[EDIT: As cool as I think it is that all you people are coming to my site for solutions to your Palm problems, it would be really great if you could leave a comment as to whether any of these worked for you, or to let me know about something I did not mention previously. Also, there is the rest of the site to browse, which would be nice.]
Per request, I’m going to add a little more detail on how I fixed my Palm E2 yesterday.

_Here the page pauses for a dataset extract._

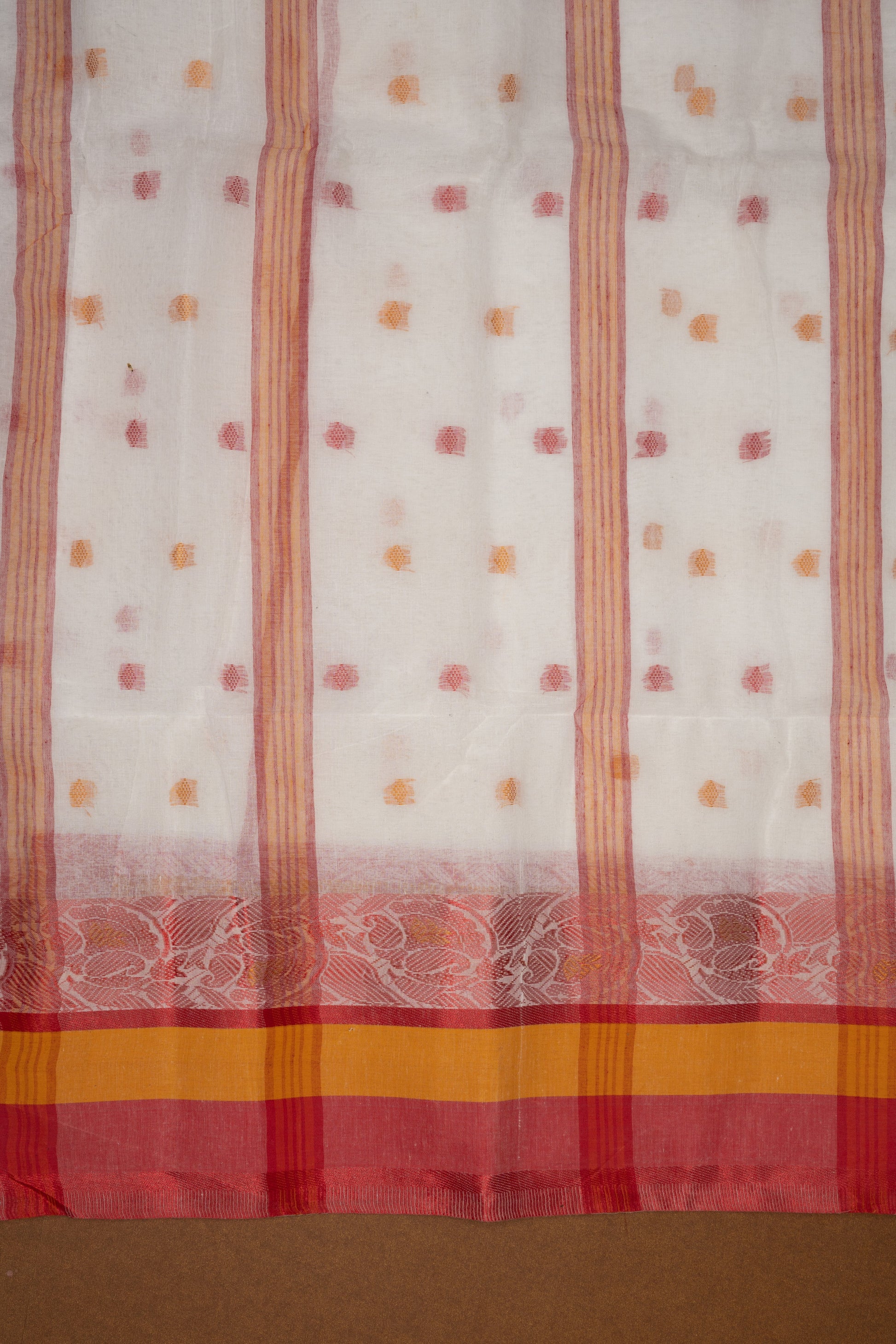Add the charm of authentic Bengali craftsmanship to your collection with this stunning Tangail Tant saree. Shop now and celebrate tradition with style!
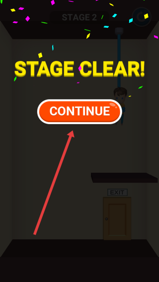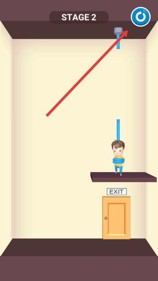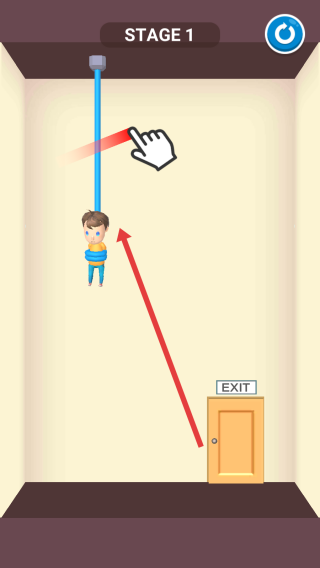 3、STAGE2中,观察箭头指向的顶部机关,切断绳索或移动物品,助角色到达EXIT,通关升级。

The problem I was dealing with was this: When I turned the Palm on, it would emit a high-pitched squealing noise, sort of like the one you get when you have an old television that needs to warm up a little bit before you can see what is on the screen. It was highly directional, and seemed to be coming directly out of the screen. If you tilted the screen away from you slightly, the noise lessened. Tapping the screen to enter data modified the intensity of the noise, but not necessarily the tone, and ‘flexing’ the entire device did approximately the same thing.
Similar problems do exist, as outlined at Just-blog
, which may or may not be caused by the same thing, such as a similar noise coming from only one part of the device. I’m not prepared to offer advice in terms of other problems at this time.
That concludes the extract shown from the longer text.